If you haven't seen the trailer yet.. here's the link


----------



## florabundance (Mar 13, 2009)

Thanks for posting this 
	

	
	
		
		

		
		
	


	




 I hadn't heard of it til now, but the cast/synopsis are full of win


----------



## Shadowy Lady (Mar 14, 2009)

I've seen the ads for this and been looking forward to seeing it. I'm very excited, I loved Little Miss Sunshine and I also am a big fan of Emily Blunt


----------



## blindpassion (Mar 14, 2009)

Ive watched the trailer SO many times
Im SO excited to see this


I think I'll go with my mom though because I doubt my boyfriend would be down, we sha'll see.


----------



## emmalay (Mar 17, 2009)

I can't wait to see that.
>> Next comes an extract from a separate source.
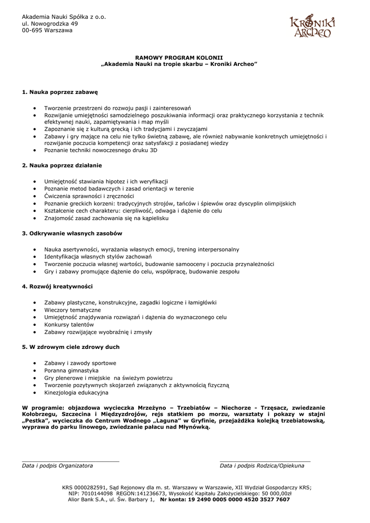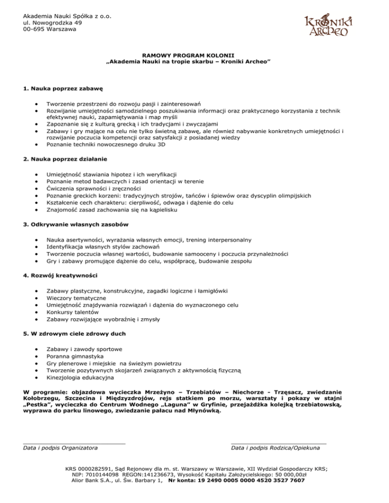 Akademia Nauki Spółka z o.o. ul. Nowogrodzka 49 00-695 Warszawa RAMOWY PROGRAM KOLONII „Akademia Nauki na tropie skarbu – Kroniki Archeo” 1. Nauka poprzez zabawę Tworzenie przestrzeni do rozwoju pasji i zainteresowań Rozwijanie umiejętności samodzielnego poszukiwania informacji oraz praktycznego korzystania z technik efektywnej nauki, zapamiętywania i map myśli Zapoznanie się z kulturą grecką i ich tradycjami i zwyczajami Zabawy i gry mające na celu nie tylko świetną zabawę, ale również nabywanie konkretnych umiejętności i rozwijanie poczucia kompetencji oraz satysfakcji z posiadanej wiedzy Poznanie techniki nowoczesnego druku 3D 2. Nauka poprzez działanie Umiejętność stawiania hipotez i ich weryfikacji Poznanie metod badawczych i zasad orientacji w terenie Ćwiczenia sprawności i zręczności Poznanie greckich korzeni: tradycyjnych strojów, tańców i śpiewów oraz dyscyplin olimpijskich Kształcenie cech charakteru: cierpliwość, odwaga i dążenie do celu Znajomość zasad zachowania się na kąpielisku 3. Odkrywanie własnych zasobów Nauka asertywności, wyrażania własnych emocji, trening interpersonalny Identyfikacja własnych stylów zachowań Tworzenie poczucia własnej wartości, budowanie samooceny i poczucia przynależności Gry i zabawy promujące dążenie do celu, współpracę, budowanie zespołu 4. Rozwój kreatywności Zabawy plastyczne, konstrukcyjne, zagadki logiczne i łamigłówki Wieczory tematyczne Umiejętność znajdywania rozwiązań i dążenia do wyznaczonego celu Konkursy talentów Zabawy rozwijające wyobraźnię i zmysły 5. W zdrowym ciele zdrowy duch Zabawy i zawody sportowe Poranna gimnastyka Gry plenerowe i miejskie na świeżym powietrzu Tworzenie pozytywnych skojarzeń związanych z aktywnością fizyczną Kinezjologia edukacyjna W programie: objazdowa wycieczka Mrzeżyno – Trzebiatów – Niechorze - Trzęsacz, zwiedzanie Kołobrzegu, Szczecina i Międzyzdrojów, rejs statkiem po morzu, warsztaty i pokazy w stajni „Pestka”, wycieczka do Centrum Wodnego „Laguna” w Gryfinie, przejażdżka kolejką trzebiatowską, wyprawa do parku linowego, zwiedzanie pałacu nad Młynówką. _____________________________ Data i podpis Organizatora ___________________________ Data i podpis Rodzica/Opiekuna KRS 0000282591, Sąd Rejonowy dla m. st. Warszawy w Warszawie, XII Wydział Gospodarczy KRS; NIP: 7010144098 REGON:141236673, Wysokość Kapitału Założycielskiego: 50 000,00zł Alior Bank S.A., ul. Św. Barbary 1, Nr konta: 19 2490 0005 0000 4520 3527 7607 Akademia Nauki Spółka z o.o. ul. Nowogrodzka 49 00-695 Warszawa RAMOWY PROGRAM KOLONII „Akademia Nauki na tropie skarbu – Kroniki Archeo” 1. Nauka poprzez zabawę Tworzenie przestrzeni do rozwoju pasji i zainteresowań Rozwijanie umiejętności samodzielnego poszukiwania informacji oraz praktycznego korzystania z technik efektywnej nauki, zapamiętywania i map myśli Zapoznanie się z kulturą grecką i ich tradycjami i zwyczajami Zabawy i gry mające na celu nie tylko świetną zabawę, ale również nabywanie konkretnych umiejętności i rozwijanie poczucia kompetencji oraz satysfakcji z posiadanej wiedzy Poznanie techniki nowoczesnego druku 3D 2. Nauka poprzez działanie Umiejętność stawiania hipotez i ich weryfikacji Poznanie metod badawczych i zasad orientacji w terenie Ćwiczenia sprawności i zręczności Poznanie greckich korzeni: tradycyjnych strojów, tańców i śpiewów oraz dyscyplin olimpijskich Kształcenie cech charakteru: cierpliwość, odwaga i dążenie do celu Znajomość zasad zachowania się na kąpielisku 3. Odkrywanie własnych zasobów Nauka asertywności, wyrażania własnych emocji, trening interpersonalny Identyfikacja własnych stylów zachowań Tworzenie poczucia własnej wartości, budowanie samooceny i poczucia przynależności Gry i zabawy promujące dążenie do celu, współpracę, budowanie zespołu 4. Rozwój kreatywności Zabawy plastyczne, konstrukcyjne, zagadki logiczne i łamigłówki Wieczory tematyczne Umiejętność znajdywania rozwiązań i dążenia do wyznaczonego celu Konkursy talentów Zabawy rozwijające wyobraźnię i zmysły 5. W zdrowym ciele zdrowy duch Zabawy i zawody sportowe Poranna gimnastyka Gry plenerowe i miejskie na świeżym powietrzu Tworzenie pozytywnych skojarzeń związanych z aktywnością fizyczną Kinezjologia edukacyjna W programie: objazdowa wycieczka Mrzeżyno – Trzebiatów – Niechorze - Trzęsacz, zwiedzanie Kołobrzegu, Szczecina i Międzyzdrojów, rejs statkiem po morzu, warsztaty i pokazy w stajni „Pestka”, wycieczka do Centrum Wodnego „Laguna” w Gryfinie, przejażdżka kolejką trzebiatowską, wyprawa do parku linowego, zwiedzanie pałacu nad Młynówką. _____________________________ Data i podpis Organizatora ___________________________ Data i podpis Rodzica/Opiekuna KRS 0000282591, Sąd Rejonowy dla m. st. Warszawy w Warszawie, XII Wydział Gospodarczy KRS; NIP: 7010144098 REGON:141236673, Wysokość Kapitału Założycielskiego: 50 000,00zł Alior Bank S.A., ul. Św. Barbary 1, Nr konta: 19 2490 0005 0000 4520 3527 7607

I love Amy Adams and Emily Blunt !


----------



## CaliforniaLA (Mar 20, 2009)

Has anyone had a chance to see it yet?? 

I am hoping to see it this weekend... I've been super busy and it's only playing in one theater thats kinda a hike... It's being released in more theaters today though 
	

	
	
		
		

		
		
	


	




It's already getting awesome reviews... can't wait to hear your reviews too


----------



## cupcake_x (Mar 26, 2009)

This looks good, I'd love to see it.


----------



## caitlin1593 (Mar 26, 2009)

I've been waiting for this movie for SO long,
but of course, it's not coming to my city!!! 
	

	
	
		
		

		
		
	


	




 =,[
so upset.


----------



## CaliforniaLA (Apr 1, 2009)

I finally got to see it last night and it surpassed my expectations!! It was by far the best movie I've seen this year! It was incredibly well scripted and directed with the perfect balance of comedy, wit and depth... also they have the most perfect cast... loved Adams, Blunt and Arkin!!

Anyone else see it yet??


----------